On May 9 of last year, in the culmination of a fierce, five-year debate over the amount of hydrocarbon refrigerant that can be safely used in commercial refrigeration, the International Electrotechnical Commission (IEC) approved an increase in the charge limit for A3 (flammable) refrigerants to 500 g (17.6 oz) from 150 g (5.3 oz) in self-contained commercial refrigeration display cases.
This change – as well as a rise in the charge limit for A2 and A2L (low flammable) refrigerants to 1.2 kg (2.6 lbs) from 150 g – was incorporated into IEC standard 60335-2-89, edition 3.0. It is one of the most important advances for natural refrigerants in recent years, and sets the stage for what could be a significant rise in the adoption of hydrocarbon-based self-contained display cabinets. (See “500 g,” Accelerate Magazine, July- August 2019.)
The leader of the effort to raise the charge limits was Marek Zgliczynski, Chair of the IEC SC61C subcommittee, as well as director of research and development for Nidec Global Appliance (formerly Embraco). He is also a member of several other global and regional standardization bodies (ISO, CEN, CENELEC, UL and CANENA) and of ASHRAE.
During his long career in HVAC&R, which began in 1979, he has earned three U.S. patents and a Gold Whirlpool Quality Team Award.
In recognition of his industry leadership, Zgliczynski was named Accelerate Magazine/Europe’s Person of the Year for 2019 last October at the ATMOsphere Europe conference in Warsaw, Poland, his native city. (See, “Accelerate Magazine/Europe Award Winners Named,” Accelerate Magazine, November- December 2019.)
The IEC charge-limit increases still need to be adopted in some form by regional standards bodies. Accelerate Magazine caught up with Zgliczynski at the AHR Expo in Orlando, Florida (U.S.) last month, and asked him for an update on the adoptions, and other hydrocarbon-related questions.
// Accelerate Magazine: CANENA, the North American standards body, is developing the new hydrocarbon charge-limit standard for the U.S. and Canada. What can you tell us about that?

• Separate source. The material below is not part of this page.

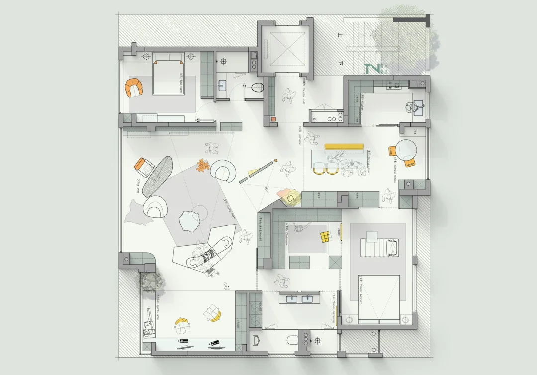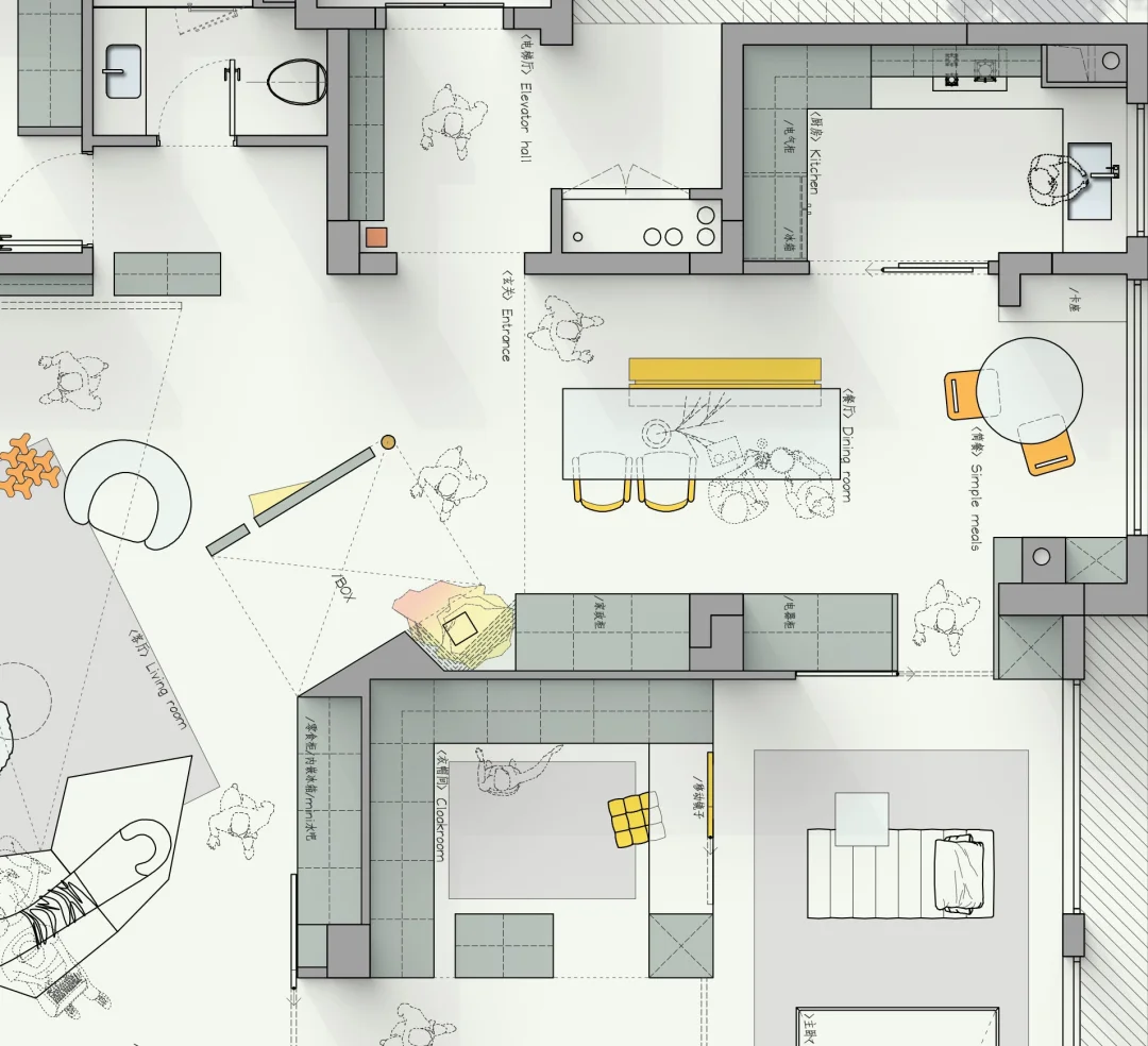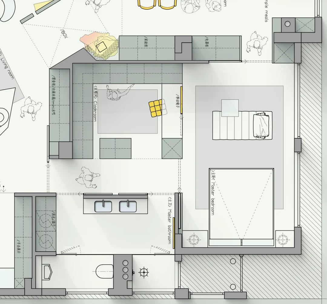 设计需求: 00后夫妻 1、未来三年内打算要一个小孩 2、希望厨房配套齐全,偶尔下厨,厨房需要考虑封闭,开通煤气需要 3、女业主衣服鞋子多 4、男业主要电竞房 5、家庭需要临时办公,喜欢看电影 6、家政间可有可无,但家政柜要充足,晾晒可有可无

Marek Zgliczynski: The CANENA WG (Working Group) 12 is meeting every month to update the equivalent UL and CSA standards. The target implementation date is the end of 2021.
What was proposed for discussion was a 500g hydrocarbon charge limit for open cabinets and a 300g limit for closed cases. In other words, a maximum of 13 times LFL (lower flammability limit) for open cabinets and eight times LFL for closed cabinets. Only in leak tests for closed cabinets would they allow more than 50% of LFL; IEC is probably changing in that direction as well.
In the U.S., they want to include remote commercial systems, which were excluded from the charge-limit increase in the IEC 60335-2-89 standard. That’s not so much for hydrocarbons as for A2Ls, low-GWP chemicals. This would basically integrate the best of the IEC 60335-2-40 standard for air conditioners inside the commercial refrigeration standard to cover cold rooms and remote systems.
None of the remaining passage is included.